Asst Conservator of forest, Madhya Pradesh Forest Department (Information Technology Wing), Satpura Bhawan, Bhopal (M.P)
Received date: August 18, 2014; Accepted date: September 22, 2014; Published date: September 24, 2014
Citation: Fellows S (2015) Species Diversity of Snakes in Pachmarhi Biosphere Reserve. Entomol Ornithol Herpetol 4:136. doi: 10.4172/2161-0983.1000136
Copyright: © 2015 Fellows S. This is an open-access article distributed under the terms of the Creative Commons Attribution License, which permits unrestricted use, distribution, and reproduction in any medium, provided the original author and source are credited.
Visit for more related articles at Entomology, Ornithology & Herpetology: Current Research
Madhya Pradesh (MP), the central Indian state is well-renowned for reptile fauna.

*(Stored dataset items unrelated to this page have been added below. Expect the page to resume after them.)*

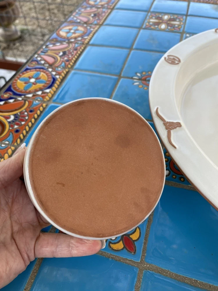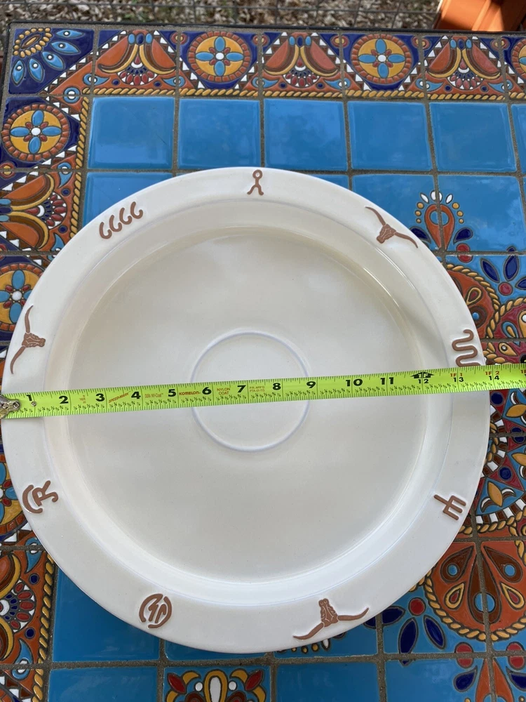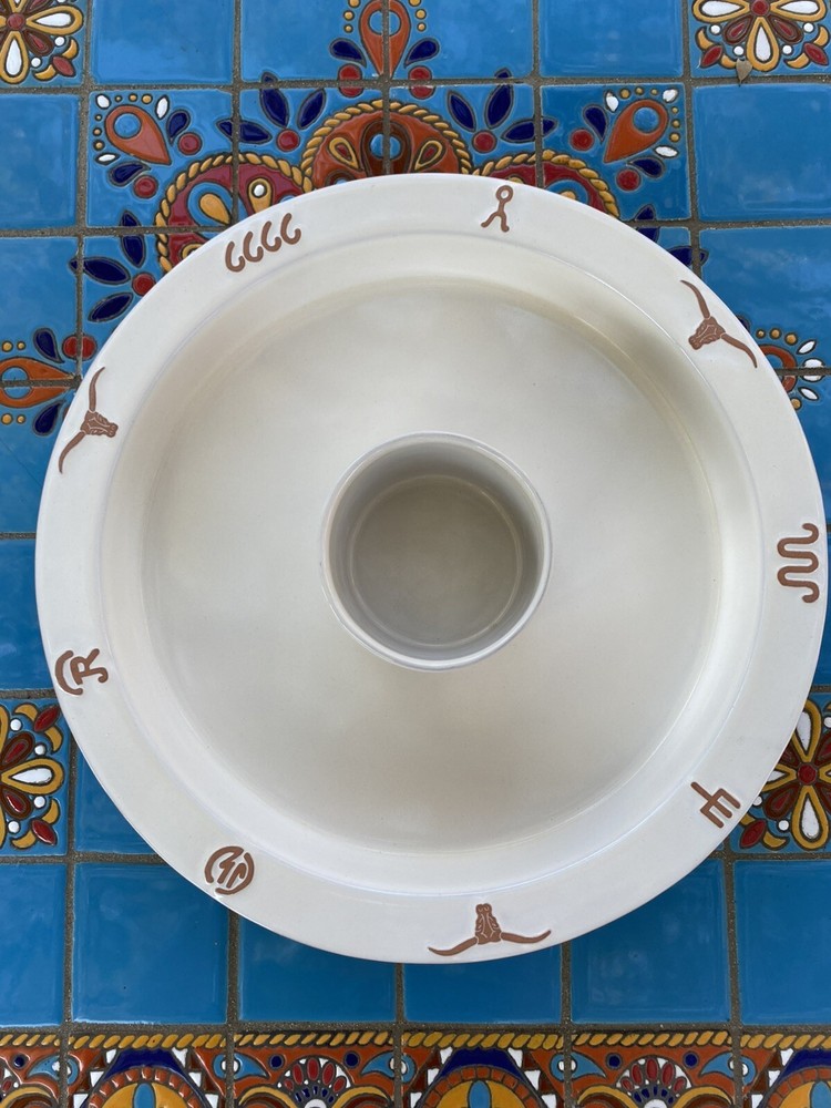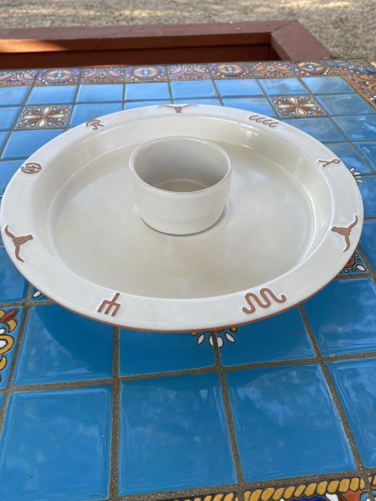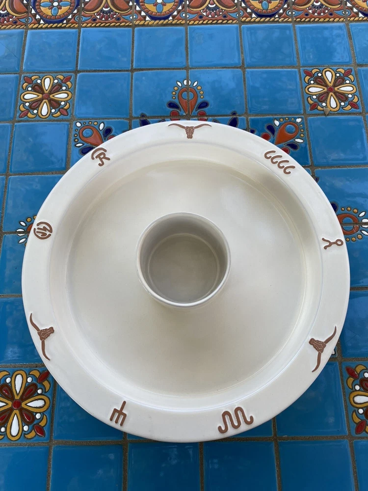 The Frankoma Chip & Dip set features a large round platter in a glossy white finish, measuring 14 inches in diameter and 2 inches in depth. Made of clay in the United States, it showcases Western Brands like King Ranch, the Pitchfork, 6666, and Longhorn. This Western-themed serving piece is perfect for all occasions, making it a stylish addition to any dining or entertainment setting. It is in excellent condition. No chips, cracks, or flaws that I can see. Large piece measures 14” in diameter and is marked Frankoma. The dip bowl is also in excellent condition, but is unmarked. This item will be bubble wrapped and carefully packaged for shipment to you.
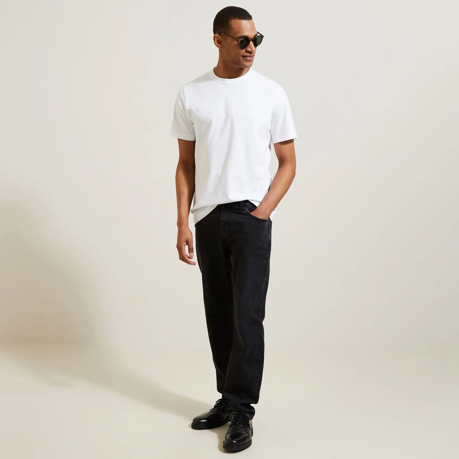 - Coupe regular, ni trop ajustée ni trop large avec un tombé droit
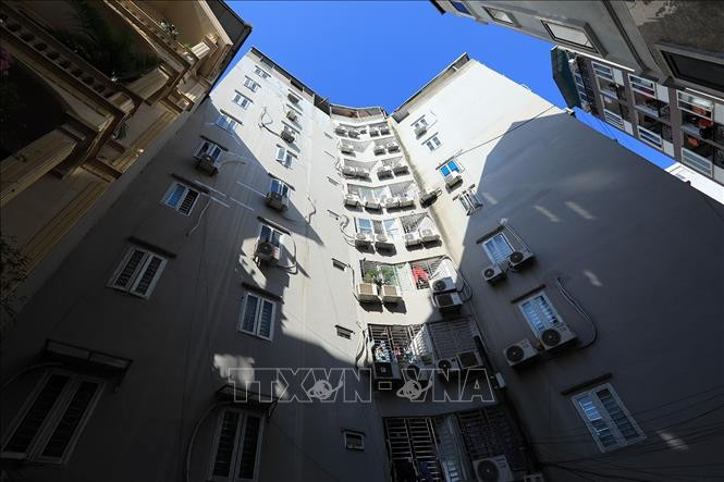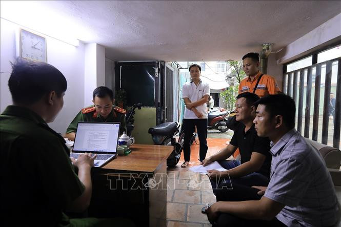 Tổ kiểm tra liên ngành quận Bắc Từ Liêm kiểm tra chung cư mini 205/53/50 Xuân Đỉnh về công tác PCCC. Ảnh: Tuấn Anh/TTXVN
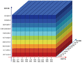 Y軸代表十縱咨詢服務對象:采礦與冶金行業、化工與原料行業、食品 與包裝行業、家居與休閑行業、電子與電器行業、機械與設備行業、交 通與運輸設備行業、能源與建筑行業、傳統服務業、現代服務業十個大行業。
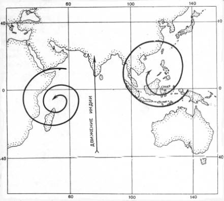 1. Поддвигание океанических участков плит в месте сочленения их с материковыми (периферия Тихого океана и др.). Образование здесь нисходящих вихрей обусловлено резким возрастанием нагрузки на астеносферный слой при поддвигании плит. В этой ситуации должно происходить выжимание базальтовых жидкостей с уровней астеносферы, расположенных непосредственно ниже подошвы литосферы, а под влиянием вращения Земли выдавленная жидкость начинает движение по спирали, приводя к зарождению нисходящего вихря.
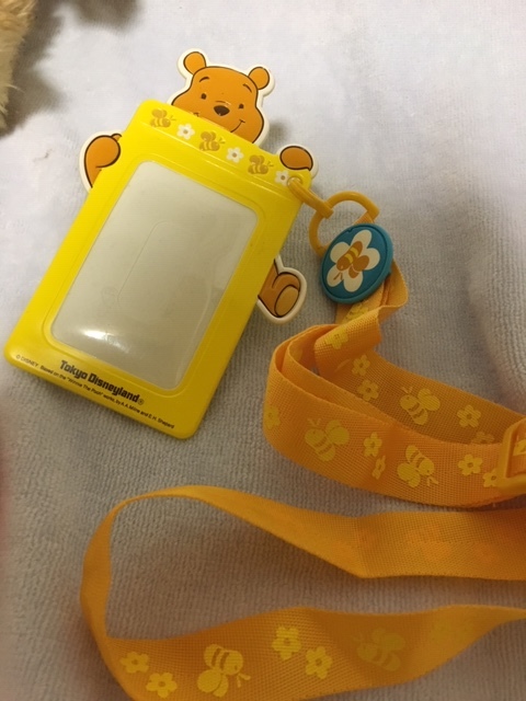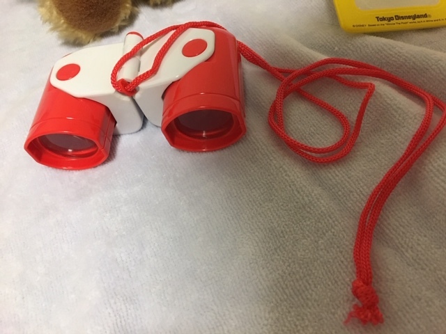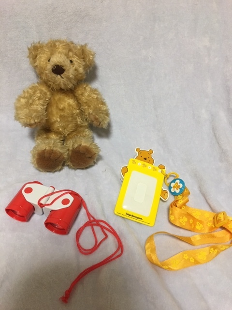 未使用/折りたたみ式双眼鏡(セット時:約16×6×3cm)&未使用/東京ディズニーランド製プーさん定期券入れ紐(最長約85cm)付&使用/モフモフなテディベア身長約20cm
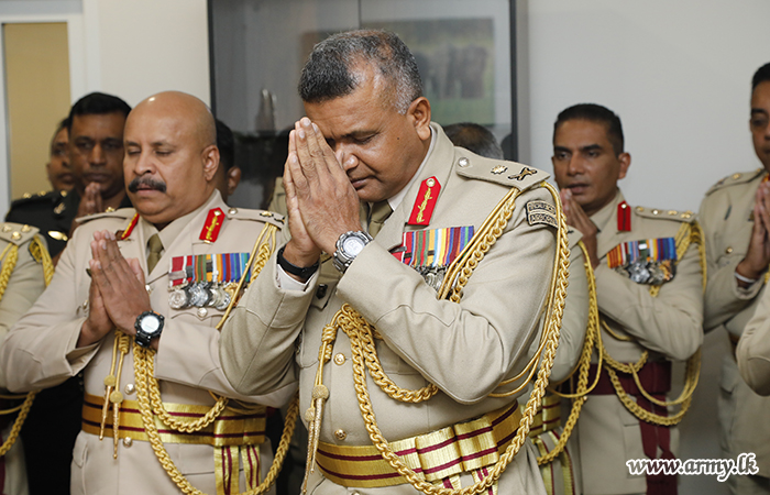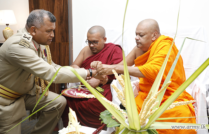 பௌத்த பிக்குகளின் ‘செத்பிரித்’ பராயணங்களுக்கு மத்தியில் மேஜர் ஜெனரல் சுஜீவ செனரத் யாப்பா அவர்கள் புதிய பதவியை ஏற்றுக்கொண்டதற்கான உத்தியோகபூர்வ ஆவணத்தில் கையொப்பமிட்டார். பின்னர் துறவிகளுக்கு ‘தானம்’ மற்றும் ‘தாம்பூலம்’ வழங்கி ஆன்மீக ஆசீர்வாதங்களைப் பெற்றார்.

In particular, Pachmarhi Biosphere Reserve (PBR) regions (Districts Hoshangabad, Betul and Chindwara) of MP comprises a vast range of reptiles, especially herpetofauna yet unexplored from the conservation point of view. Earlier inventory herpetofaunal study conducted in 2005 at MP and Chhattisgarh (CG) reported 6 snake families included 39 species. After this preliminary report, no literature existing regarding snake diversity of this region. This situation incited us to update the snake diversity of PBR regions. From 2010 to 2012, we conducted a detailed field study and recorded 31 species of 6 snake families (Boidae, Colubridae, Elapidae, Typhlopidea, Uropeltidae, and Viperidae) in Hoshanagbad District (Satpura Tiger Reserve) and PBR regions. Besides, we found the occurrence of Boiga forsteni and Coelognatus helena monticollaris (Colubridae), which was not previously reported in PBR region. Among the recorded, 9 species were Lower Risk – least concerned (LR-lc), 20 were of Lower Risk – near threatened (LR-nt), 1 is Endangered (EN) and 1 is vulnerable (VU) according to International Union for Conservation of Nature (IUCN) status. Hence, there is an urgent need for strategies to conserve these rare and threatened snakes in PBR.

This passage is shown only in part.